This afternoon, I will pick up my seven year old son from school and tell him about the heartbreaking, horrific, senseless tragedy that took place in a school similar to his, in a neighbouring country, in a city that now has to come to terms with this unimaginable tragedy.
Edited to add: When I saw my son's smiling face after school I could not bring myself to say anything to him. Instead, I just hugged and kissed him and let him run off to play with his friends, keeping my eyes on him the entire time.
Tonight I will once again be thankful for this day, and I will hug my children tight. Every day is precious. Every moment we have should be cherished.

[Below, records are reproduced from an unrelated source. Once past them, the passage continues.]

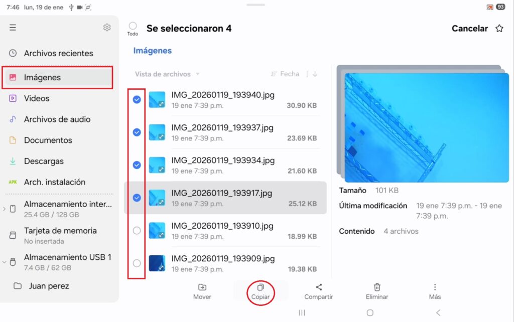 En el apartado imágenes y se debe seleccionar cada foto con un toque, al hacerlo se despliega un menú en la parte inferior donde se localiza el ícono “copiar”, y al pulsarlo se abre una ventana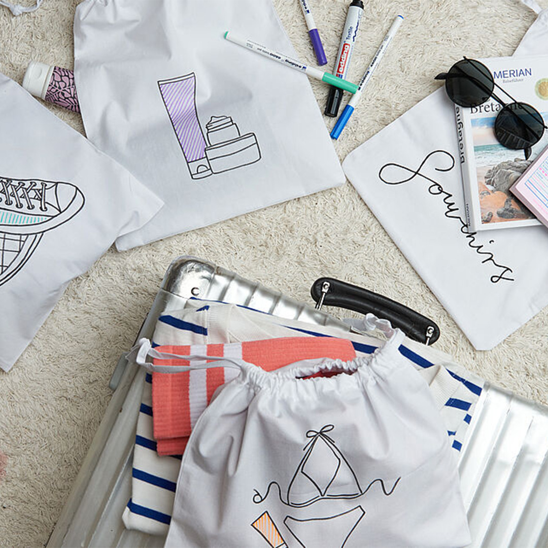 The Edding 4500 textile marker works perfectly on light-coloured, untreated fabrics such as cotton and linen. Once you’ve finished creatively reviving your old materials, you can make the applied ink permanent by ironing once (without steam). After that, the text, pattern or design is washable at up to 60 °C.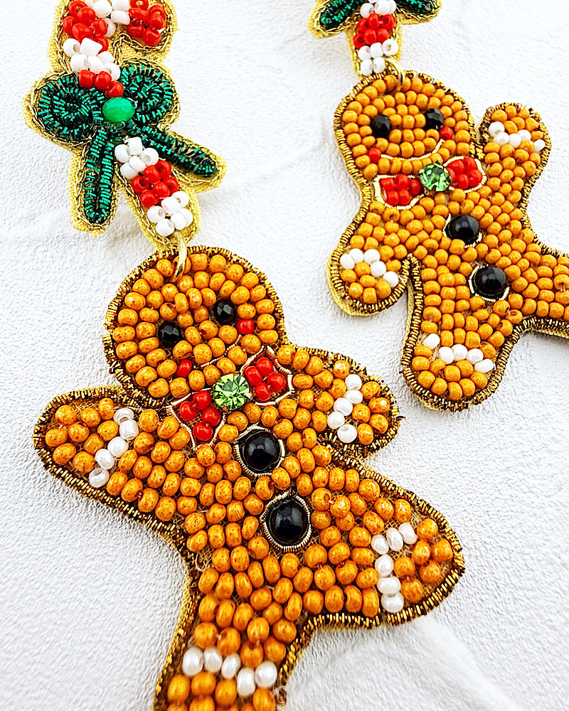 Hand beaded gingerbread men & candy can earrings. Large, statement size, lightweight, post style, 3"

28 people dead... 20 of them small children. This is what happened today in an elementary school in Connecticut. Beautiful, innocent, perfect children, in school—in school—shot dead by an evil person, shot dead with weapons that should not exist, since it has been proven, time and time again, that guns do more harm than good. I've written before about gun control, and now more than ever, something needs to change. And fast.

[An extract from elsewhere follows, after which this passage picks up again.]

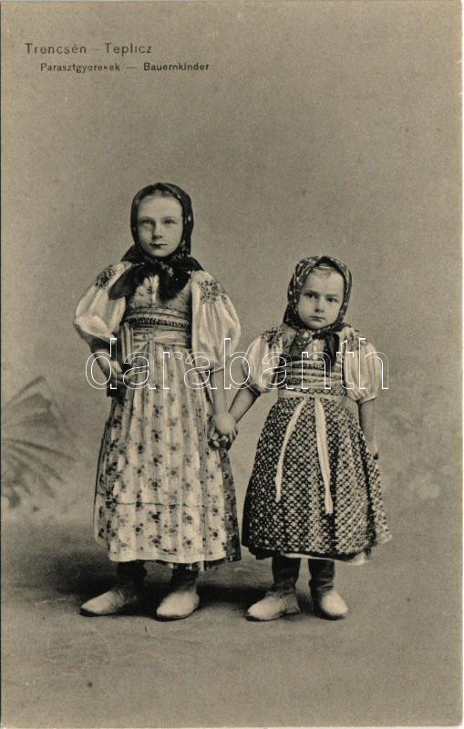 Trencsénteplic, Trencianske Teplice; parasztgyerekek, népviselet, folk... https://www.darabanth.com/hu/432-Gyorsarveres/432.0/Kepeslapok/Felvidek~2000007/Trencsenteplic-Trencianske-Teplice-parasztgyerekek-nepviselet-folklor-Wertheim-Zsigmond-kiad~II2786386

As a wise women said online today: "America, I don't give a rat's ass about your Right to Bear Arms. You need to stop the insanity now -- no one is safer in your country for having a gun. Your daily news proves it."

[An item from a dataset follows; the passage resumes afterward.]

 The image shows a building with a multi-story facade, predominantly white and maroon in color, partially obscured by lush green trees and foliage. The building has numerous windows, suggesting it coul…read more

Every time something like this happens—Columbine, shootings in malls, snipers in D.C., movie theatre shootings, on and on and on—my faith in all that is good diminishes.
How can any of us feel safe in our normal day-to-day activities like going to work and dropping our children off at school, knowing that's where they'll be safe? How can we protect our children from the evil that is out there? What can we do now that this tragedy has taken place, except offer our thoughts and prayers to the victims and their poor, poor grieving families?
I wish I had answers.
I wish I could do more.
I wish I could turn back time.
I wish these parents didn't have to live with this nightmare, I wish the children didn't have to suffer.
I wish guns didn't exist.
We don't need any more stories like this. We don't need more senseless tragedy at the hands of some unrighteous, unknown, crazy person who took it upon himself to destroy lives for no reason at all. All because he had access to a couple of guns.
I've cried on and off since Friday, I've hugged my children tighter, and I'm just overwhelmed with grief over this nightmare of a story.
My heart is heavy. Less than two weeks before Christmas.
Thoughts and prayers going out to a much-loved fellow blogger, who lost her nephew Noah in this senseless tragedy. You can also head over to Noah's Art of Hope Fund to make a donation.
"The funds received will be used to provide counseling services, education and basic needs for the children at this time of grief. Noah leaves behind his twin sister and three other siblings."
Bless all the children and their families.... may something like this never, ever happen again.